To explore the relative treatment effects on iIBC within 5 years of DCIS diagnosis for women with low-risk features, we looked at treatment-specific hazard ratios. Women with no local treatment were matched 1:2 with women treated with surgery (BCS ± RT) according to PS, and by year of diagnosis, age at diagnosis, and grade (all women considered low-risk had ER+ lesions < 2 cm and were (non)-Hispanic white). Hazard ratios showed a protective effect for surgical interventions (HR < 1) but this was non-significant in all cases.

It is well-known that the diagnosis of DCIS is associated with an increased risk of breast cancer. Retrospective observational registry studies continue to confirm this in different screen-detected DCIS populations [22]. However, for women with low-risk features, this risk is likely to be well-managed with an active surveillance strategy where bi-annual physical examinations and annual mammography allow the lesion to be closely monitored. If a woman receives local treatment for DCIS, the likelihood of a subsequent iIBC remains low. However, any subsequent loco-regional iIBC events in a previously irradiated breast will be more difficult to treat locally with re-irradiation due to increased risk of skin and subcutaneous toxicity because re-irradiation will exceed the maximum tolerable dose of radiotherapy of the skin and subcutaneous tissue. Irreversible radiation-induced fibrosis and radionecrosis hinders the efficacy of systemic chemotherapy [23]. Treatment-related complications are further compounded by the emotional and economic toll that initial local treatment represents [5]. In a recent study on treatment preferences for screen-detected DCIS, patients valued active monitoring over standard interventional treatment [24]. This was largely influenced by the risk of progression: a 10% risk of progression at 10 years was deemed an acceptable trade-off to avoid possible side-effects from surgery or radiotherapy. Compared to the observed iIBC risk at 10 years in women with low-risk characteristics who did not receive local treatment at 3%, this provides further evidence of patients’ willingness to be followed under a demonstrably safe active surveillance strategy.

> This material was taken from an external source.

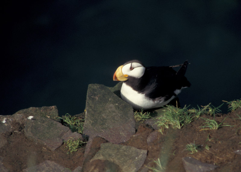 In order to get airborne, the puffin must run on the surface of the water for a long distance. The horned puffin will also will dive off cliffs to take flight.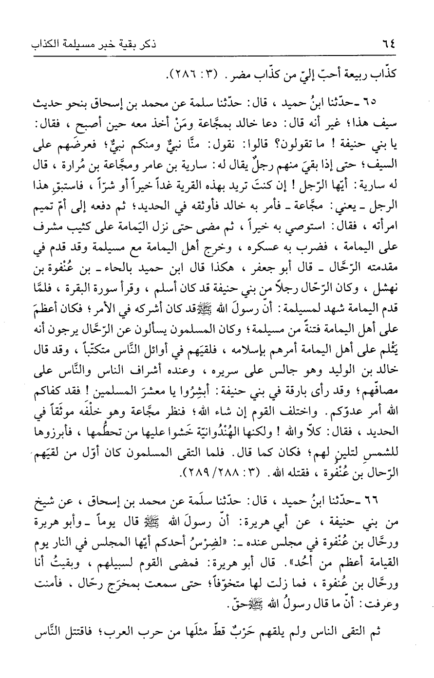 ٦٥ - حدَّثنا ابنُ حميد، قال: حدَّثنا سلمة عن محمد بن إسحاق بنحو حديث سيف هذا؛ غير أنه قال: دعا خالد بمجَّاعة ومَنْ أخذ معه حين أصبح، فقال: يا بني حنيفة! ما تقولون؟ قالوا: نقول: منَّا نبيٌّ ومنكم نبيٌّ فعرضهم على السيف؛ حتى إذا بقيَ منهم رجلٌ يقال له: سارية بن عامر ومجَّاعة بن مُرارة، قال له سارية: أيَّها الرّجل! إن كنتَ تريد بهذه القرية غدًا خيرًا أو شرًّا، فاستبقِ هذا الرجل -يعني: مجَّاعة- فأمر به خالد فأوثقه في الحديد؛ ثم دفعه إلى أمّ تميم امرأته، فقال: استوصي به خيرًا، ثم مضى حتى نزل اليَمامة على كثيب مشرف على اليمامة، فضرب به عسكره، وخرج أهل اليمامة مع مسيلمة وقد قدم في مقدمته الرّحَّال -ال أبو جعفر، هكذا قال ابن حميد بالحاء- بن عُنْفوة بن نهشل، وكان الرّحّال رجلًا من بني حنيفة قد كان أسلم، وقرأ سورة البقرة، فلمَّا قدم اليمامة شهد لمسيلمة: أنّ رسولَ الله - صلى الله عليه وسلم - قد كان أشركه في الأمر؛ فكان أعظمَ على أهل اليمامة فتنةً من مسيلمة؛ وكان المسلمون يسألون عن الرّحَّال يرجون أنه يحلم على أهل اليمامة أمرهم بإسلامه، فلقيَهم في أوائل النَّاس متكتّبًا، وقد قال خالد بن الوليد وهو جالس على سريره، وعنده أشراف الناس والنَّاس على مصافّهم؛ وقد رأى بارقة في بني حنيفة: أبشِرُوا يا معشرَ المسلمين! فقد كفاكم الله أمر عدوّكم. واختلف القوم إن شاء الله؛ فنظر مجَّاعة وهو خلْفَه موثَقًا في الحديد، فقال: كلّا والله! ولكنها الهُنْدُوانيّة خَشوا عليها من تحطُمها، فأبرزوها للشمسِ لتلين لهم؛ فكان كما قال. قلما التقى المسلمون كان أوّل من لقيَهم الرّحال بن عُنْفوة، فقتله الله. (٣: ٢٨٨/ ٢٨٩).

As physicians treating women with low-risk DCIS await results from prospective trials on active surveillance, there is value in harnessing real-world evidence from cancer registries to support present-day decision-making for possible non-intervention in (low-risk) DCIS. With multi-state models, it is possible to visualize, quantify, and compare competing breast event risks for different treatment and risk groups. Evaluating time dependencies of prognostic factors in the models also allowed for the understanding of the relationship between subsequent iIBCs and the primary DCIS. Replacing conventional invasive treatment with active surveillance in this good prognosis population could improve women’s well-being during the remaining (progression-free) survival time without resulting in significantly poorer disease outcome. This is an important factor to consider when making an informed treatment decision in this patient population. Capturing the full impact of possible treatment strategies over a patient’s lifetime involves integrating health outcomes, health-related quality of life, patient and provider preference, as well as direct and indirect costs. In this study we provide the first set of information to help model progression outcomes and transitions between health states. This model can easily be extended to integrate cost and quality of life data points, so that researchers can model the potential cost-utility of new disease management strategies for this specific cohort of low-risk DCIS patients.